Lesermeinung: DDR-Umfrage: „Da wurde vieles vergessen“
Zu: „Brandenburger betrachten DDR nicht als Unrechtsstaat“, 9.12.
Stand:
Zu: „Brandenburger betrachten DDR nicht als Unrechtsstaat“, 9.12. 2011
Mit Unverständnis habe ich auf die Umfrage-Studie in Brandenburg reagiert, wonach 73 Prozent der Brandenburger die DDR positiv sehen. Da wurde dann wohl vieles übersehen: vergessen, dass Menschen wegen einer anderen politischen Meinung, wegen des Gestaltenwollens anderer Lebensentwürfe, nicht selten politisch bedrängt worden sind. Vergessen, dass die Staatssicherheit im Auftrag der SED kritische DDR-Bürger bespitzelte, deren Umfeld nicht selten zersetzte, hartnäckig politisch Andersdenkende vor eine politischen Strafjustiz stellte. Vergessen, dass genau diese Staatssicherheit, wenn sie Menschen in ihre Gewalt brachte, die sich dem kollektivistisch-sozialistischen Mainstream entziehen wollten, in ihren Stasi-U-Haftanstalten demütigte, erniedrigte und quälte, und nach herbeikonstruierten Urteilen viele dieser Menschen zu Haftstrafen verurteilen ließ. Vergessen, dass in diesen unmenschlichen Zuchthäusern (zum Beispiel Zuchthaus Cottbus, Bautzen II oder das Frauen-Zuchthaus Hoheneck) politische Gegener, nach diesen Unrechtsurteilen, unter menschenunwürdigen Bedingungen arbeiten und „leben“ mussten, nicht wenige von den damals politisch Inhaftierten bis heute traumatisiert sind. Vergessen, dass an den Grenzen der DDR und an der Berliner Mauer Menschen ermordet wurden, weil das unsozial-kaltherzige DDR-System es nicht zugelassen hatte, dass diese Menschen in selbstbestimmer Freiheit leben durften. Vergessen, dass dieser DDR-Unrechtsstaat genau das war: nämlich ein Unrechtsstaat, weil er so viele Unmenschlichkeiten politisch organisiert hatte.

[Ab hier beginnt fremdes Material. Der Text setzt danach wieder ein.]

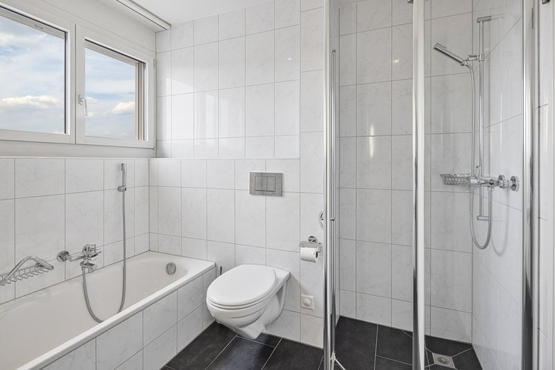- Nasszelle mit Badewanne, Dusche und Fenster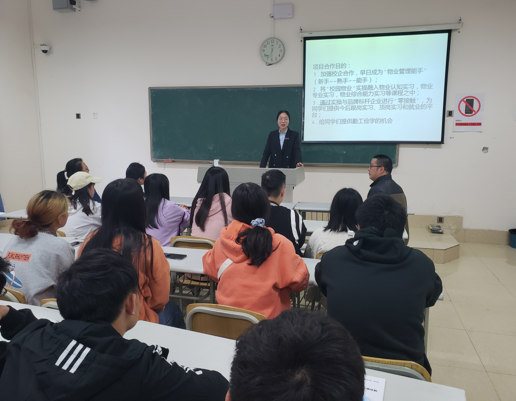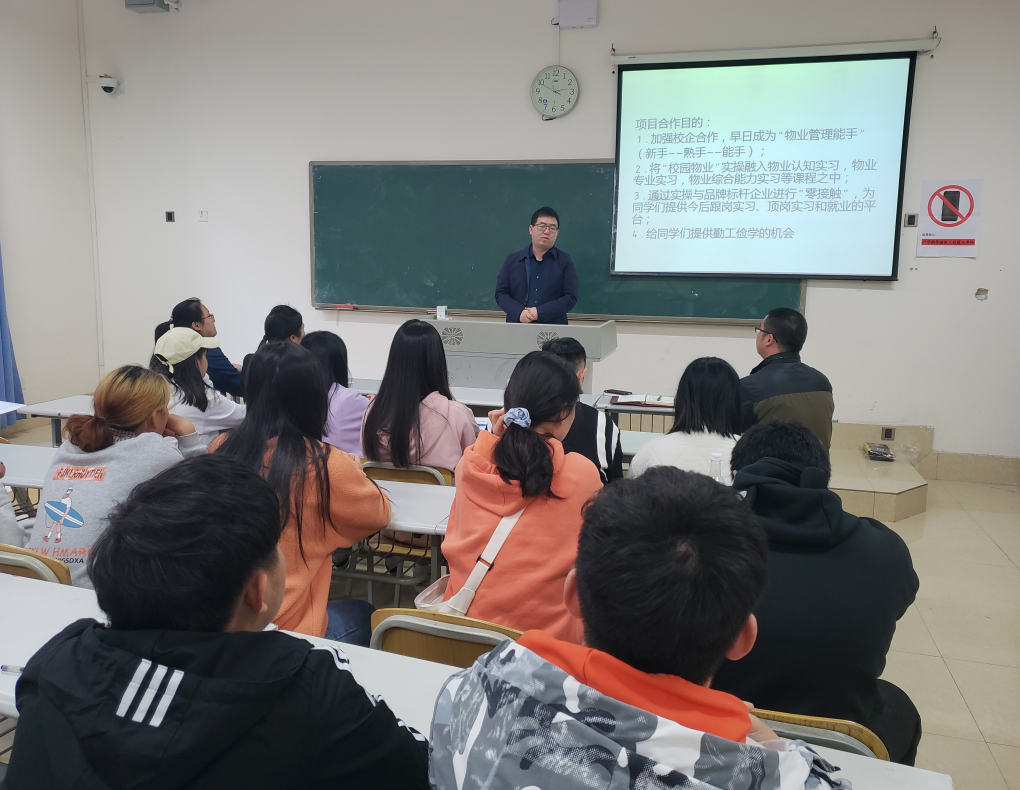 此次启动仪式由叶昌建主任主持,首先叶主任就此次校园物业校企合作项目做了简单介绍,紧接着李梅经理从企业角度讲述了同学们可以在此次项目中的收获,建筑管理学院郝院长也从自己的经历给同学们分享了此次合作项目对于同学们的意义,最后由新鸥鹏物业的周主管将项目具体的安排做了详细介绍。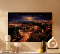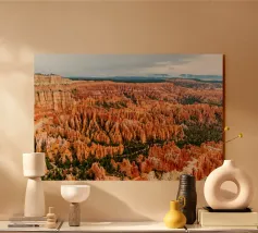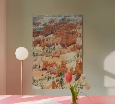 This Bryce Canyon photography captures the unique beauty of the natural landmark. The photograph showcases the vibrant hues and textures of the rock formations. The artist (kathrinmay) has captured the unique colors & winding paths of the formation.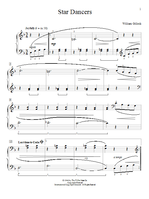 Download or print William Gillock Star Dancers sheet music, chords and digital score arranged for Educational Piano. This Pop score includes 2 page(s).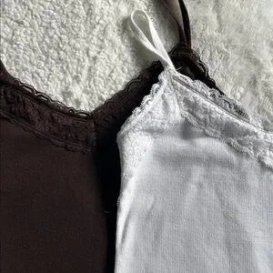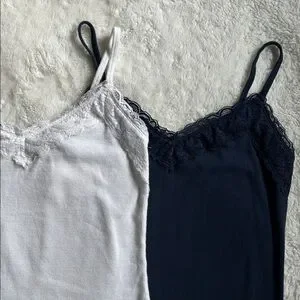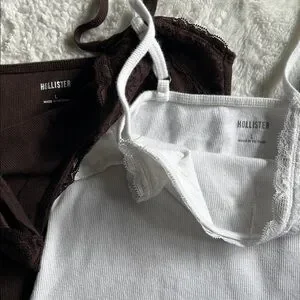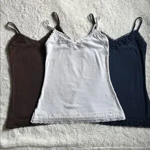 Set of 3 Hollister Lace Trim Camisoles - White, Brown, Navy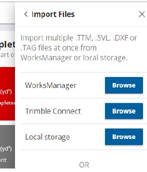 Trimble Connect プロジェクトを探索し、そこから特定の適用可能なファイル タイプ (.dxf、.tiff、.ttm) をインポートして WorksOS で使用できるようになりました。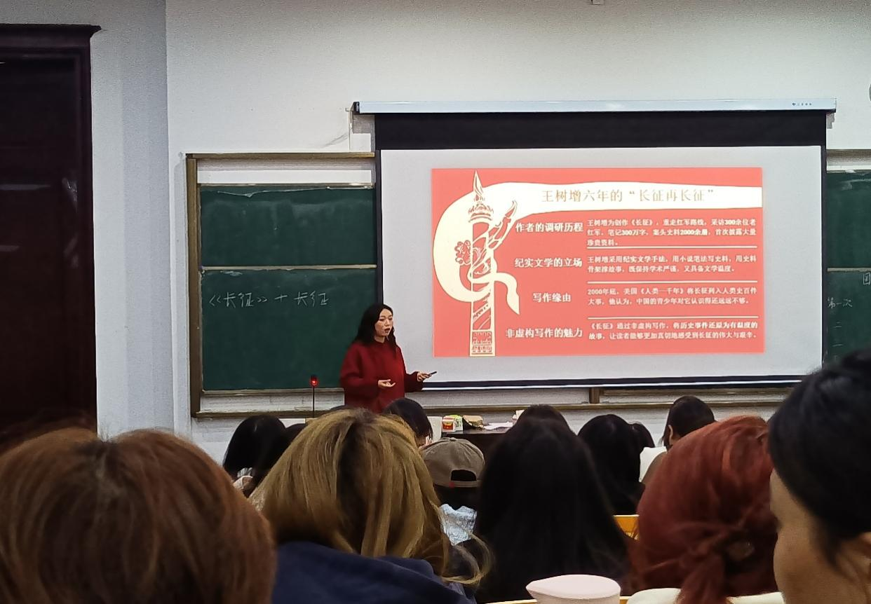 为教育引导广大青年学习传承弘扬伟大的长征精神,厚植爱国情怀,走好新时代长征路,图书馆11月12日下午在1126阶梯教室举行《长征》读书会,特邀马克思主义学院黄诗媛老师主讲,图书馆寸家菊老师和全校236名同学参加了此活动。全校师生齐聚一堂,在文字中重温二万五千里长征的壮阔史诗,在交流中感悟革命先辈的信仰之光,让爱国热情在书香浸润中燃烧。

Einen Schlussstrich unter die DDR-Vergangenheit zu ziehen, wie es 60 Prozent der Brandenburger sich wünschen, würden sich die Stasi-Vernehmer, die Zuchthausaufseher und andere Leute, die von diesem Unrechtsstaat DDR profitierten, sehr gern wünschen. Ja, auch ich möchte endlich einmal in die Zukunft schauen, aber meine DDR-Vergangenheit steht mir dabei im Wege.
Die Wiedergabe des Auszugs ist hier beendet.